*Aim of the task*: Your reply must contain the full listing below, reproduced exactly, but no pictures.

++++++++++++++++++++

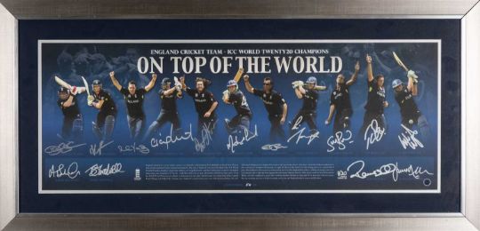 THE CRICKET CLUB HOUSE: I.C.C. WORLD 2020 SIGNED PRINT, limited edition (54/100), with COA attached, signatures include Paul Collingwood, Kevin Peterson, Ryan Sidebottom, Graeme Swann, Stuart Broad, etc., 41 x 93cmsProvenance: private collection NewportComments: framed and glazed
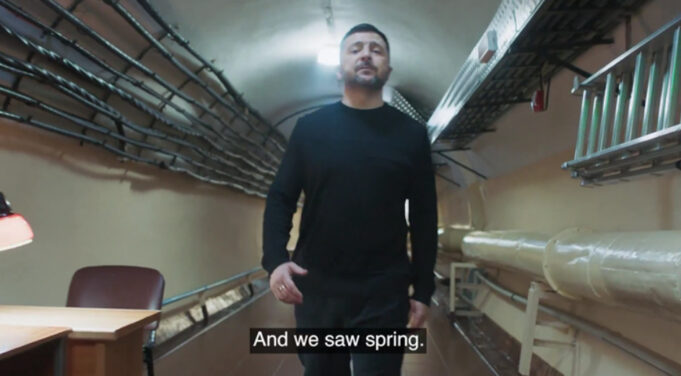 Во видеото, тој ја покажа и внатрешноста на бункерот на улицата Банкова во Киев, од каде што им се јавил на светските лидери и побарал оружје во раните денови од војната.
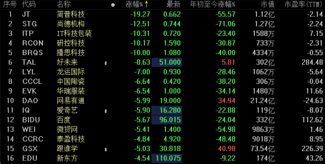 好未来“自曝”员工造假后,在美上市的教育企业亦出现暴跌。其中,尚德机构、跟谁学、新东方均出现大跌。
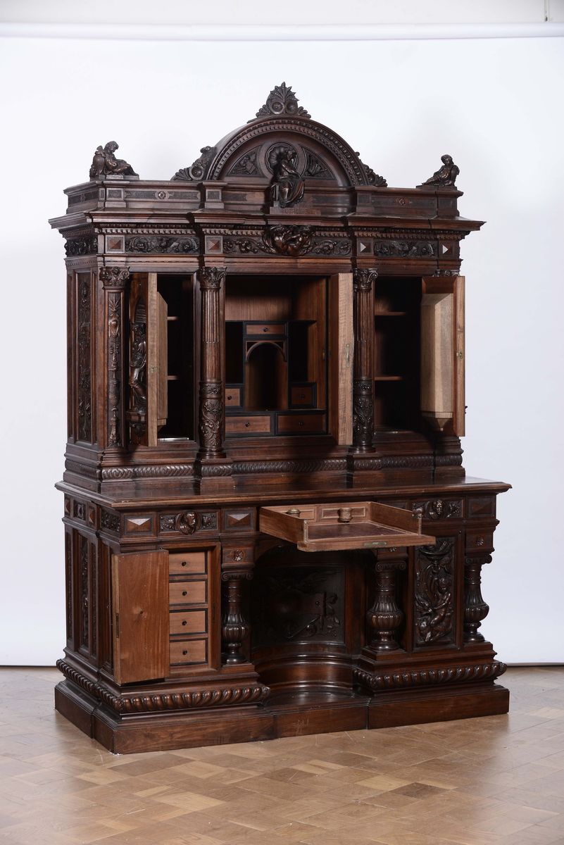 Importante credenza doppio corpo interamente scolpita con figure femminili a tuttotondo e numerosi altri elementi, sportelli che celano numerosi cassettini e scomparti segreti rivestiti in legno di acero, nella nicchia centrale fregio scolpito con la dicitura: “ Egisto Gajani fecit 1875”, cm 159x75x220
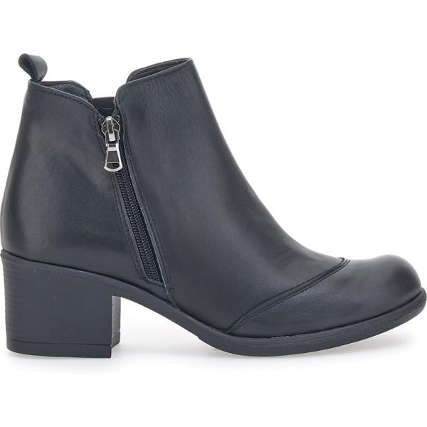 Stivaletti da donna in nero pece con tacco con zip in pelle
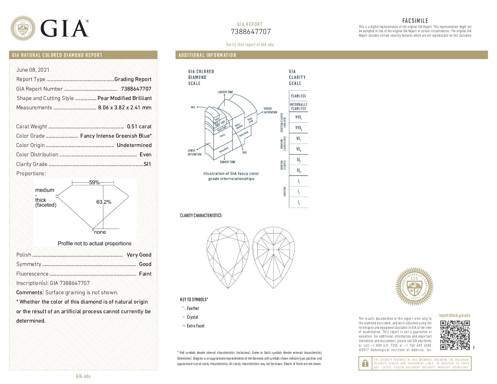 透き通る湖のようなINTEMSE GREENISH BLUEINTENSEの中でもかなり彩度は高く、大変美しいです。水面の光がキラキラ反射しているようにテリもよいです。SIクラスで目立つ内包物もなく、透明感もあり素晴らしいブルーダイヤモンドです。色の起源がUNDETERMINEDとなっております。こちらは、色の起源がUNDETERMINED(未定/現時点判別不可)です。青・緑系のダイヤモンドの起源はすべてのダイヤモンドについて自信を持って決定することは難しく場合によっては自然に照射されたグリーン系ダイヤモンドを実験室で照射されたグリーン系ダイヤモンドから分離することは現時点では困難または不可能だそうです。
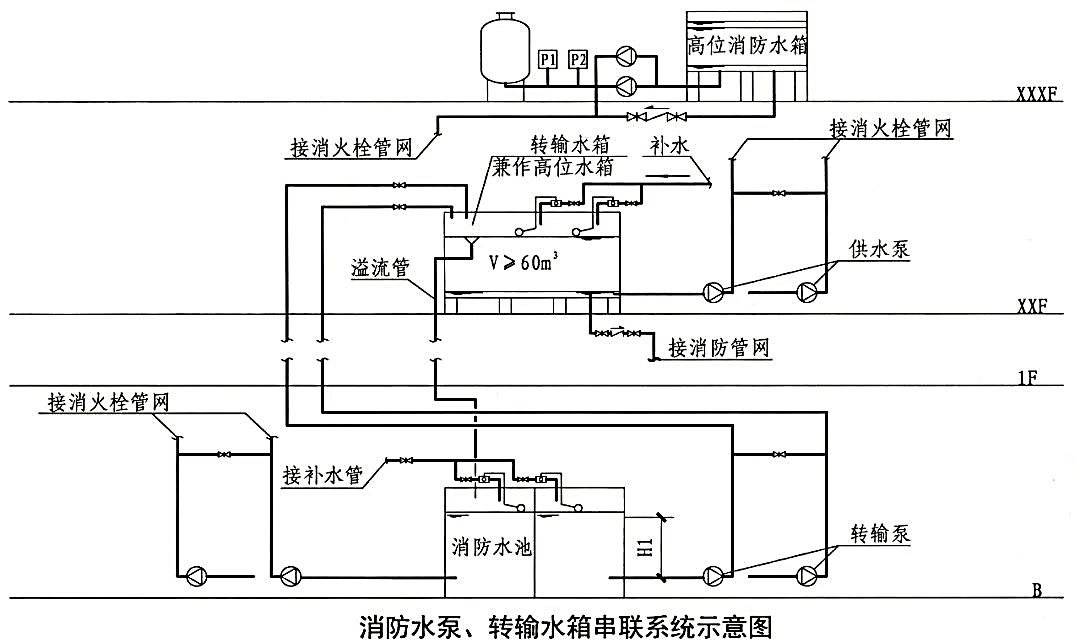 1.当采用消防水泵转输水箱串联时,转输水箱的有效储水容积不应小于60m³,转输水箱可作为高位消防水箱(转输水箱兼作高位水箱,可仍按60m³考虑);

++++++++++++++++++++

*Expected answer*:
 THE CRICKET CLUB HOUSE: I.C.C. WORLD 2020 SIGNED PRINT, limited edition (54/100), with COA attached, signatures include Paul Collingwood, Kevin Peterson, Ryan Sidebottom, Graeme Swann, Stuart Broad, etc., 41 x 93cmsProvenance: private collection NewportComments: framed and glazed
 Во видеото, тој ја покажа и внатрешноста на бункерот на улицата Банкова во Киев, од каде што им се јавил на светските лидери и побарал оружје во раните денови од војната.
 好未来“自曝”员工造假后,在美上市的教育企业亦出现暴跌。其中,尚德机构、跟谁学、新东方均出现大跌。
 Importante credenza doppio corpo interamente scolpita con figure femminili a tuttotondo e numerosi altri elementi, sportelli che celano numerosi cassettini e scomparti segreti rivestiti in legno di acero, nella nicchia centrale fregio scolpito con la dicitura: “ Egisto Gajani fecit 1875”, cm 159x75x220
 Stivaletti da donna in nero pece con tacco con zip in pelle
 透き通る湖のようなINTEMSE GREENISH BLUEINTENSEの中でもかなり彩度は高く、大変美しいです。水面の光がキラキラ反射しているようにテリもよいです。SIクラスで目立つ内包物もなく、透明感もあり素晴らしいブルーダイヤモンドです。色の起源がUNDETERMINEDとなっております。こちらは、色の起源がUNDETERMINED(未定/現時点判別不可)です。青・緑系のダイヤモンドの起源はすべてのダイヤモンドについて自信を持って決定することは難しく場合によっては自然に照射されたグリーン系ダイヤモンドを実験室で照射されたグリーン系ダイヤモンドから分離することは現時点では困難または不可能だそうです。
 1.当采用消防水泵转输水箱串联时,转输水箱的有效储水容积不应小于60m³,转输水箱可作为高位消防水箱(转输水箱兼作高位水箱,可仍按60m³考虑);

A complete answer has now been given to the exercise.